• What you need to do
Leave out the pictures and retype everything else in the records below exactly.

• Data under study

****************************************

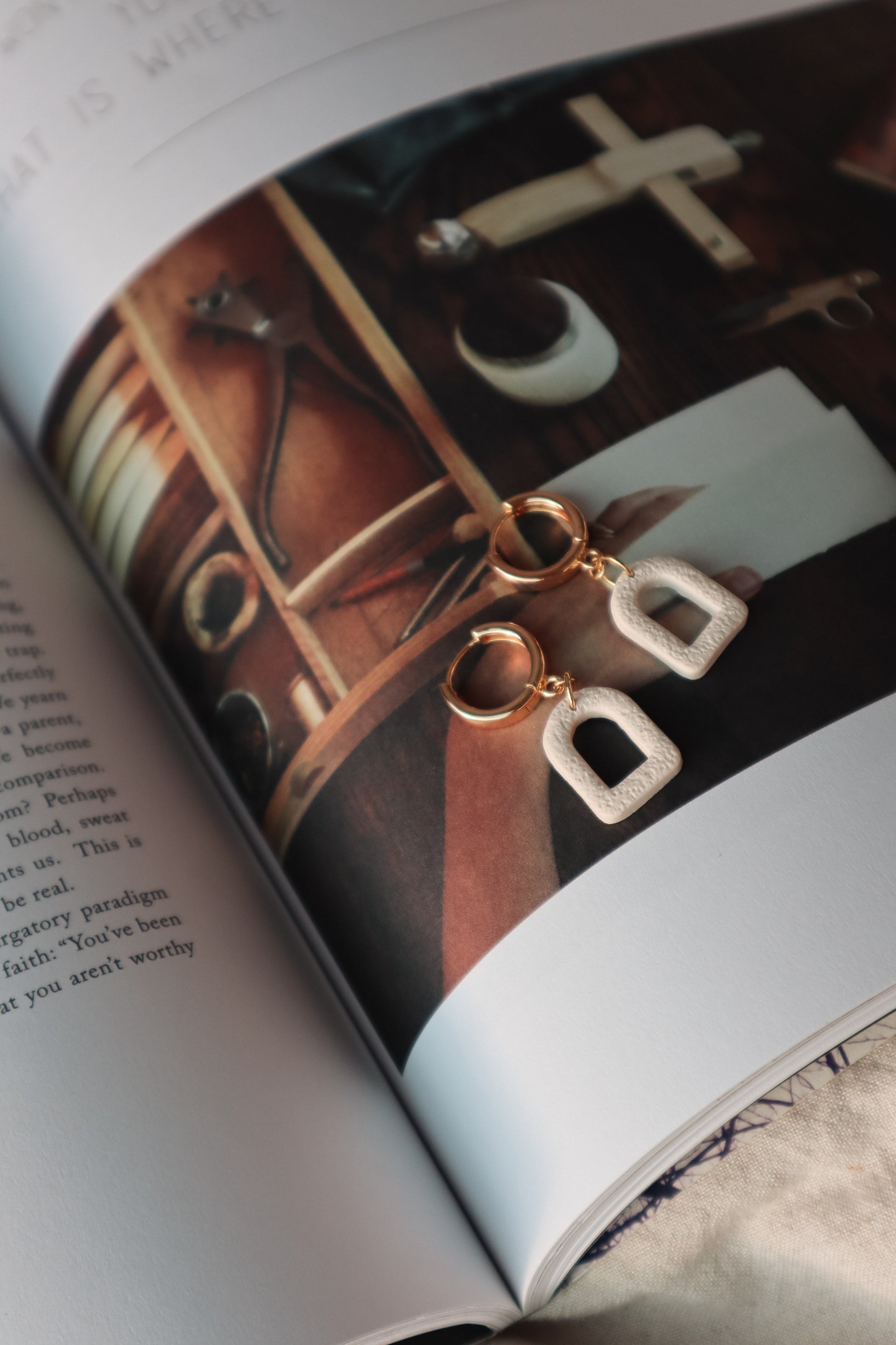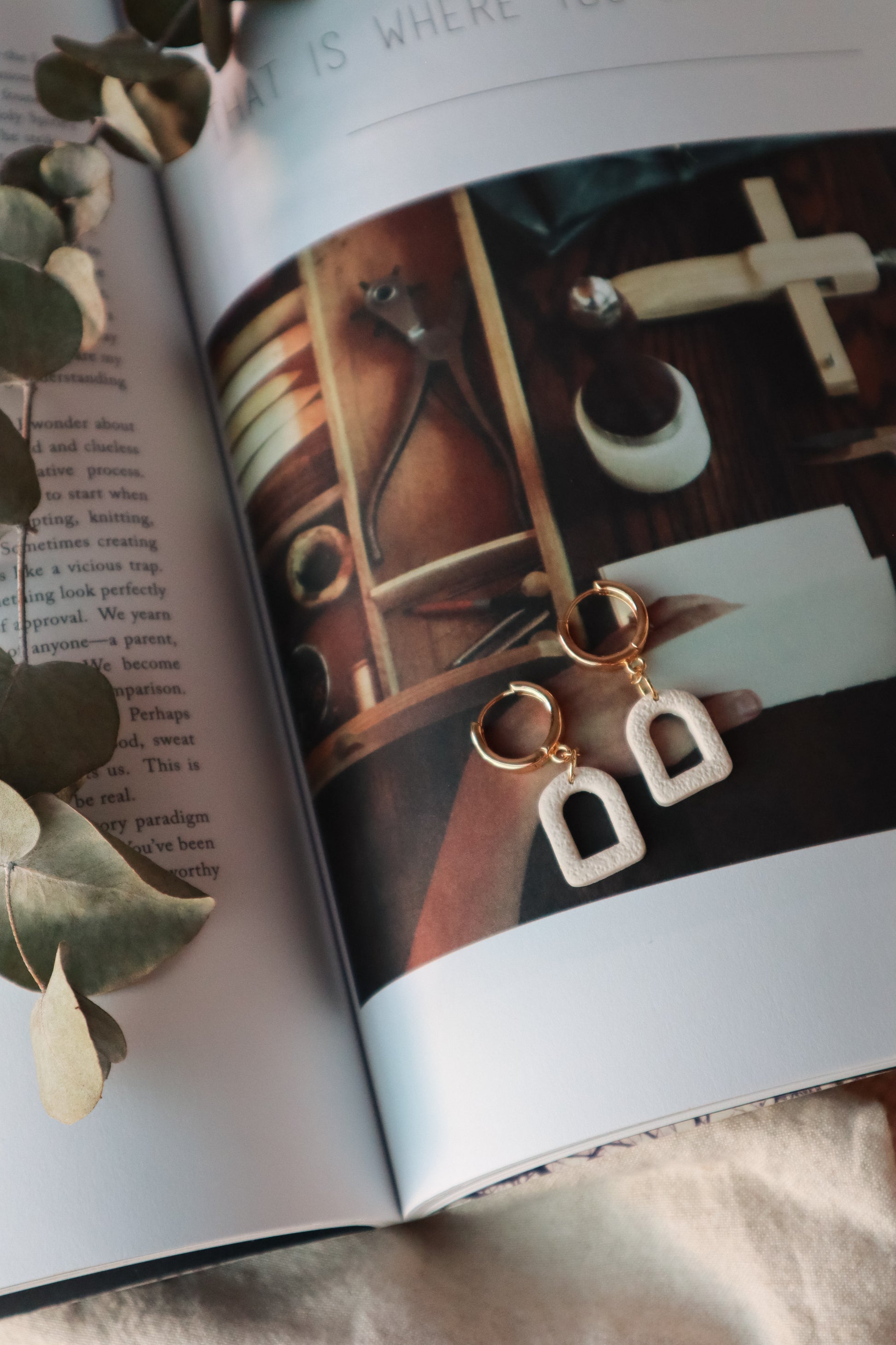 Textured Hollow Arch Shaped Clay with 24K Gold Huggies
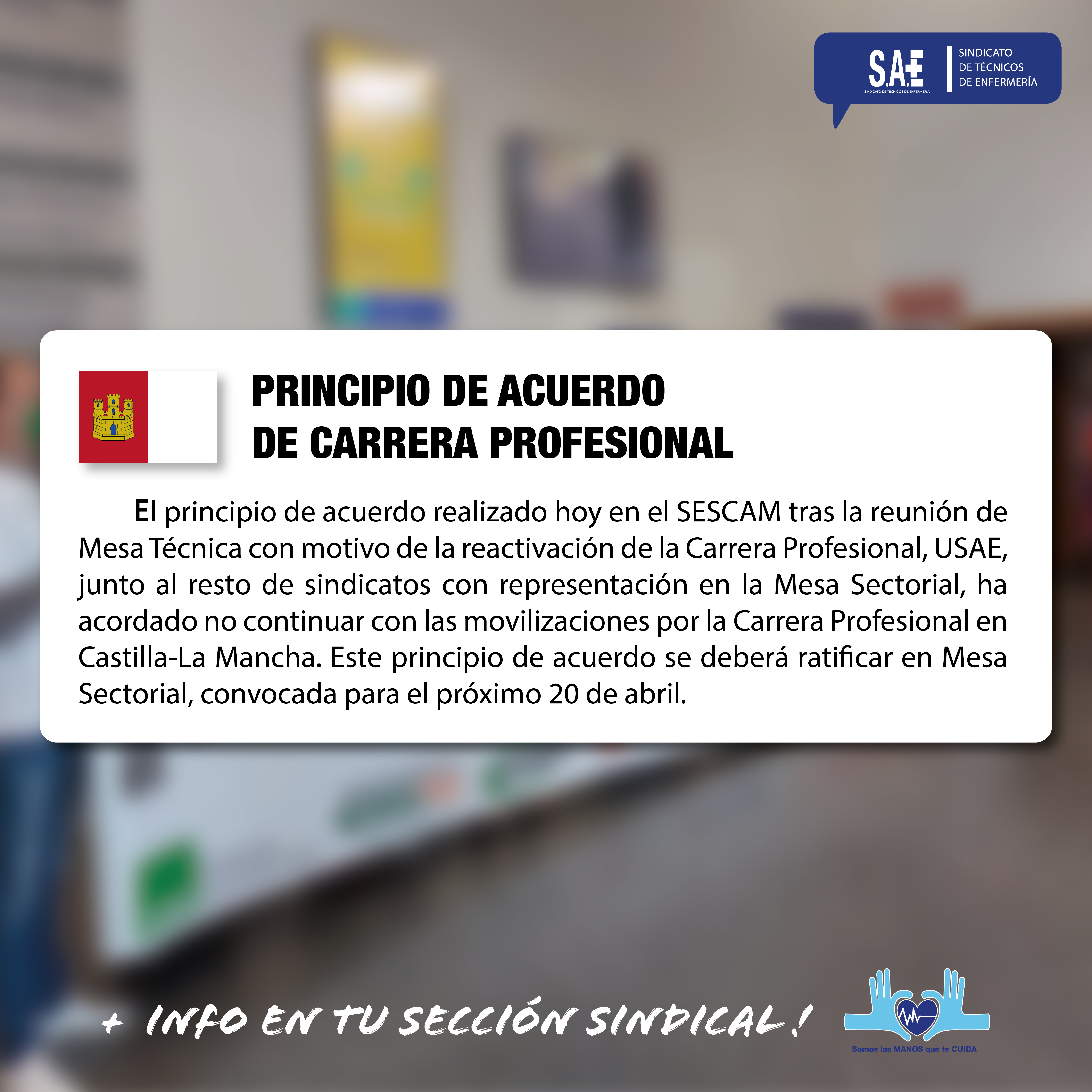 El principio de acuerdo realizado hoy en el SESCAM tras la reunión de Mesa Técnica con motivo de la reactivación de la Carrera Profesional, USAE, junto al resto de sindicatos con representación en la Mesa Sectorial, ha acordado no continuar con las movilizaciones conjuntas por la Carrera Profesional en Castilla-La Mancha. Este principio de acuerdo se deberá ratificar en Mesa Sectorial, convocada para el próximo 20 de abril.
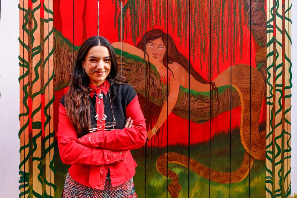 Bex Masters, a gilder and oil painter, has created Kundalini, a mural exploring reflection and renewal through ideas of feminine energy and transformation. Bex said: “Inspired by my multicultural upbringing and heritage, this mural explores the concept of a Pleasure Garden through the eyes and hands of a person of colour.”
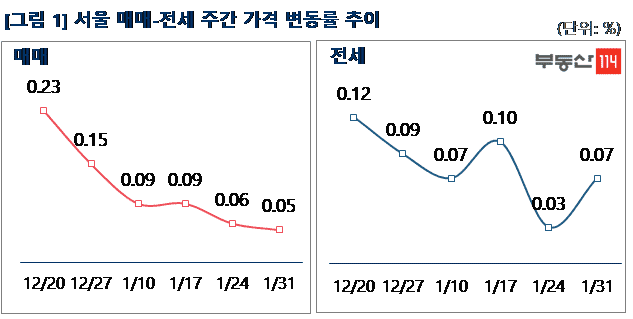 12.16대책 발표 이후 매매가격은 안정된 양상이다. 양도세 중과의 한시적 유예기간으로 정해진 올해 상반기에 매도하려는 매물들이 시장에 틈틈이 나오고 있다. 매수심리가 약화된 상황에서 선행 지표인 재건축 시장의 약세 전환도 임박했다. 강남권을 중심으로 유동성(대출)이 막히면서 비강남권의 풍선효과 움직임도 일부 확인되지만, 서울 전반의 상승세를 이끌기에는 동력이 크지 않은 상황이다. 수요층의 조심스러운 움직임은 2월에도 지속될 것으로 예상된다.
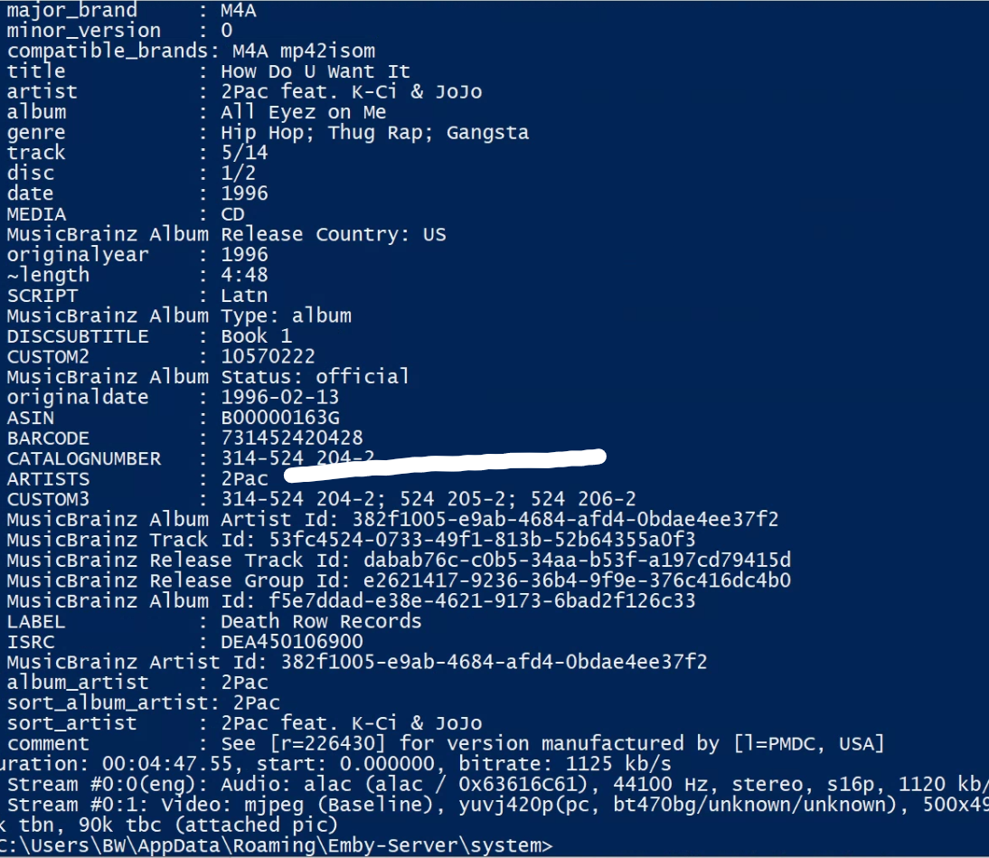 Happy2Play 9780 Posted June 4, 2021 Posted June 4, 2021 3 minutes ago, spon said: I think maybe the issue with Picard and Artists is limited to m4a file types. I removed all tags, retagged using Picard and the album info from @Happy2Play and my Picard results now look identical. However, when I load up the album in Emby it doesn't display any artists other than 2Pac. Then when checking ffprobe (and Tagscanner) they both show the Artists tag to be set to 2Pac, even though in Picard the Artists tag shows all the artists.I think maybe the issue with Picard and Artists is limited to m4a file types. I removed all tags, retagged using PIcard and the album info from @Happy2Play and my Picard results now look identical. However, when I load up the album in Emby it doesn't display any artists other than 2Pac. Then when checking ffprobe (and Tagscanner) they both show the Artists tag to be set to 2Pac, even though in Picard the Artists tag shows all the artists. Are you Refreshing metadata (not scanning) when you retag the media? I don't currently have any .m4a files so it can't be that. ffprobe results Spoiler C:\Users\Media\AppData\Roaming\Emby-Server\system>ffprobe -i file:"C:\Users\Media\Desktop\Videos\Music - emby metadata\2Pac\All Eyez on Me\CD 1/1-02 2Pac, Nate Dogg & Snoop Dogg - All About U.mp3" -threads 0 -v info -print_format json ffprobe version 4.3.0-emby_2021_02_27-g8f222573e9+634 Copyright (c) 2007-2021 the FFmpeg developers and softworkz for Emby LLC built with gcc 9.2.0 (Rev2, Built by MSYS2 project) { Input #0, mp3, from 'file:C:\Users\Media\Desktop\Videos\Music - emby metadata\2Pac\All Eyez on Me\CD 1/1-02 2Pac, Nate Dogg & Snoop Dogg - All About U.mp3': Metadata: album : All Eyez on Me artist : 2Pac, Nate Dogg & Snoop Dogg album_artist : 2Pac MusicBrainz Release Track Id: 32d91ebe-7cbe-48d4-9f7c-1129519b8233 disc : 1/2 encoder : Lame3.97 genre : Rap TSRC : USKO10403675 TMED : Digital Media TORY : 1996 publisher : eOne title : All About U track : 2/14 MusicBrainz Artist Id: 382f1005-e9ab-4684-afd4-0bdae4ee37f2/405528df-2632-4730-80fc-83e775a97651/f90e8b26-9e52-4669-a5c9-e28529c47894 artist-sort : 2Pac, Nate Dogg & Snoop Dogg TSO2 : 2Pac SCRIPT : Latn originalyear : 1996 BARCODE : 099923580522 MusicBrainz Album Type: album Artists : 2Pac/Nate Dogg/Snoop Dogg MusicBrainz Album Status: official MusicBrainz Album Release Country: US Acoustid Id : 943a262c-a14c-4f54-9c89-f06468141f0c MusicBrainz Album Id: 23bf456f-c05c-4738-b675-062f57396fa8 DISPLAY ARTIST : 2Pac, Snoop Doggy Dogg & Nate Dogg & Dru Down MusicBrainz Album Artist Id: 382f1005-e9ab-4684-afd4-0bdae4ee37f2 MusicBrainz Release Group Id: e2621417-9236-36b4-9f9e-376c416dc4b0 date : 2005-03-08 Duration: 00:04:36.98, start: 0.025056, bitrate: 321 kb/s Stream #0:0: Audio: mp3, 44100 Hz, stereo, fltp, 320 kb/s, Start-Time 0.025s Metadata: encoder : LAME3.97 Side data: replaygain: track gain - -9.599999, track peak - unknown, album gain - unknown, album peak - unknown, Stream #0:1: Video: mjpeg (Baseline), yuvj420p(pc, bt470bg/unknown/unknown), 500x500 [SAR 1:1 DAR 1:1], 90k tbr, 90k tbn, 90k tbc, Start-Time 0.025s (attached pic) Metadata: comment : Cover (front) }
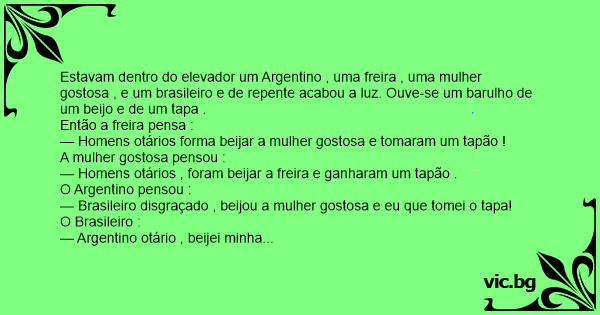 Estavam dentro do elevador um Argentino , uma freira , uma mulher gostosa , e um brasileiro e de repente acabou a luz. Ouve-se um barulho de um beijo e de um tapa .
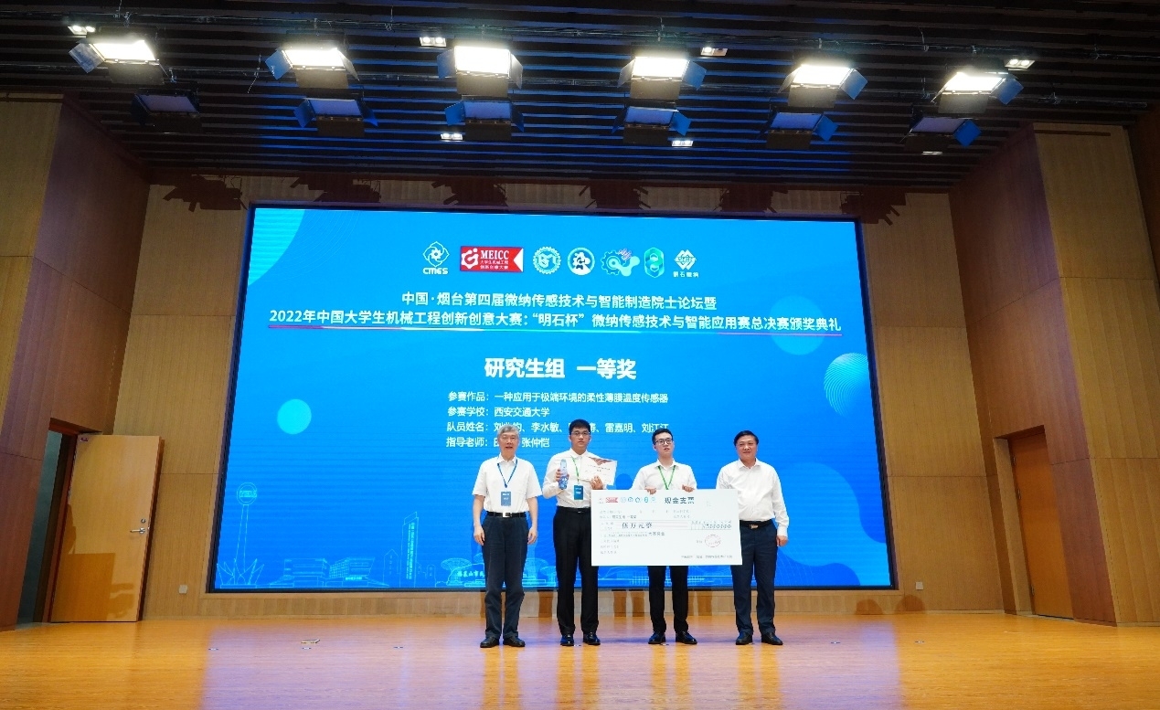 2022年8月13日至14日,2022年第3届中国大学生机械工程创新创意大赛:“明石杯”微纳传感技术与智能应用赛总决赛在烟台举行。大赛由中国机械工程学会主办,入选《全国普通高校学科竞赛排行榜》,是教育部认可的57项全国性大学生竞赛项目之一。大赛吸引了全国25个省份、102所高校的293个团队报名。经过激烈角逐,共有129项作品(本科生组62项,研究生组67项)参加本次总决赛。最终,西安交通大学精密工程研究所的参赛作品《一种应用于极端环境的柔性薄膜温度传感器》获得研究生组一等奖。

****************************************

• Your solution
 Textured Hollow Arch Shaped Clay with 24K Gold Huggies
 El principio de acuerdo realizado hoy en el SESCAM tras la reunión de Mesa Técnica con motivo de la reactivación de la Carrera Profesional, USAE, junto al resto de sindicatos con representación en la Mesa Sectorial, ha acordado no continuar con las movilizaciones conjuntas por la Carrera Profesional en Castilla-La Mancha. Este principio de acuerdo se deberá ratificar en Mesa Sectorial, convocada para el próximo 20 de abril.
 Bex Masters, a gilder and oil painter, has created Kundalini, a mural exploring reflection and renewal through ideas of feminine energy and transformation. Bex said: “Inspired by my multicultural upbringing and heritage, this mural explores the concept of a Pleasure Garden through the eyes and hands of a person of colour.”
 12.16대책 발표 이후 매매가격은 안정된 양상이다. 양도세 중과의 한시적 유예기간으로 정해진 올해 상반기에 매도하려는 매물들이 시장에 틈틈이 나오고 있다. 매수심리가 약화된 상황에서 선행 지표인 재건축 시장의 약세 전환도 임박했다. 강남권을 중심으로 유동성(대출)이 막히면서 비강남권의 풍선효과 움직임도 일부 확인되지만, 서울 전반의 상승세를 이끌기에는 동력이 크지 않은 상황이다. 수요층의 조심스러운 움직임은 2월에도 지속될 것으로 예상된다.
 Happy2Play 9780 Posted June 4, 2021 Posted June 4, 2021 3 minutes ago, spon said: I think maybe the issue with Picard and Artists is limited to m4a file types. I removed all tags, retagged using Picard and the album info from @Happy2Play and my Picard results now look identical. However, when I load up the album in Emby it doesn't display any artists other than 2Pac. Then when checking ffprobe (and Tagscanner) they both show the Artists tag to be set to 2Pac, even though in Picard the Artists tag shows all the artists.I think maybe the issue with Picard and Artists is limited to m4a file types. I removed all tags, retagged using PIcard and the album info from @Happy2Play and my Picard results now look identical. However, when I load up the album in Emby it doesn't display any artists other than 2Pac. Then when checking ffprobe (and Tagscanner) they both show the Artists tag to be set to 2Pac, even though in Picard the Artists tag shows all the artists. Are you Refreshing metadata (not scanning) when you retag the media? I don't currently have any .m4a files so it can't be that. ffprobe results Spoiler C:\Users\Media\AppData\Roaming\Emby-Server\system>ffprobe -i file:"C:\Users\Media\Desktop\Videos\Music - emby metadata\2Pac\All Eyez on Me\CD 1/1-02 2Pac, Nate Dogg & Snoop Dogg - All About U.mp3" -threads 0 -v info -print_format json ffprobe version 4.3.0-emby_2021_02_27-g8f222573e9+634 Copyright (c) 2007-2021 the FFmpeg developers and softworkz for Emby LLC built with gcc 9.2.0 (Rev2, Built by MSYS2 project) { Input #0, mp3, from 'file:C:\Users\Media\Desktop\Videos\Music - emby metadata\2Pac\All Eyez on Me\CD 1/1-02 2Pac, Nate Dogg & Snoop Dogg - All About U.mp3': Metadata: album : All Eyez on Me artist : 2Pac, Nate Dogg & Snoop Dogg album_artist : 2Pac MusicBrainz Release Track Id: 32d91ebe-7cbe-48d4-9f7c-1129519b8233 disc : 1/2 encoder : Lame3.97 genre : Rap TSRC : USKO10403675 TMED : Digital Media TORY : 1996 publisher : eOne title : All About U track : 2/14 MusicBrainz Artist Id: 382f1005-e9ab-4684-afd4-0bdae4ee37f2/405528df-2632-4730-80fc-83e775a97651/f90e8b26-9e52-4669-a5c9-e28529c47894 artist-sort : 2Pac, Nate Dogg & Snoop Dogg TSO2 : 2Pac SCRIPT : Latn originalyear : 1996 BARCODE : 099923580522 MusicBrainz Album Type: album Artists : 2Pac/Nate Dogg/Snoop Dogg MusicBrainz Album Status: official MusicBrainz Album Release Country: US Acoustid Id : 943a262c-a14c-4f54-9c89-f06468141f0c MusicBrainz Album Id: 23bf456f-c05c-4738-b675-062f57396fa8 DISPLAY ARTIST : 2Pac, Snoop Doggy Dogg & Nate Dogg & Dru Down MusicBrainz Album Artist Id: 382f1005-e9ab-4684-afd4-0bdae4ee37f2 MusicBrainz Release Group Id: e2621417-9236-36b4-9f9e-376c416dc4b0 date : 2005-03-08 Duration: 00:04:36.98, start: 0.025056, bitrate: 321 kb/s Stream #0:0: Audio: mp3, 44100 Hz, stereo, fltp, 320 kb/s, Start-Time 0.025s Metadata: encoder : LAME3.97 Side data: replaygain: track gain - -9.599999, track peak - unknown, album gain - unknown, album peak - unknown, Stream #0:1: Video: mjpeg (Baseline), yuvj420p(pc, bt470bg/unknown/unknown), 500x500 [SAR 1:1 DAR 1:1], 90k tbr, 90k tbn, 90k tbc, Start-Time 0.025s (attached pic) Metadata: comment : Cover (front) }
 Estavam dentro do elevador um Argentino , uma freira , uma mulher gostosa , e um brasileiro e de repente acabou a luz. Ouve-se um barulho de um beijo e de um tapa .
 2022年8月13日至14日,2022年第3届中国大学生机械工程创新创意大赛:“明石杯”微纳传感技术与智能应用赛总决赛在烟台举行。大赛由中国机械工程学会主办,入选《全国普通高校学科竞赛排行榜》,是教育部认可的57项全国性大学生竞赛项目之一。大赛吸引了全国25个省份、102所高校的293个团队报名。经过激烈角逐,共有129项作品(本科生组62项,研究生组67项)参加本次总决赛。最终,西安交通大学精密工程研究所的参赛作品《一种应用于极端环境的柔性薄膜温度传感器》获得研究生组一等奖。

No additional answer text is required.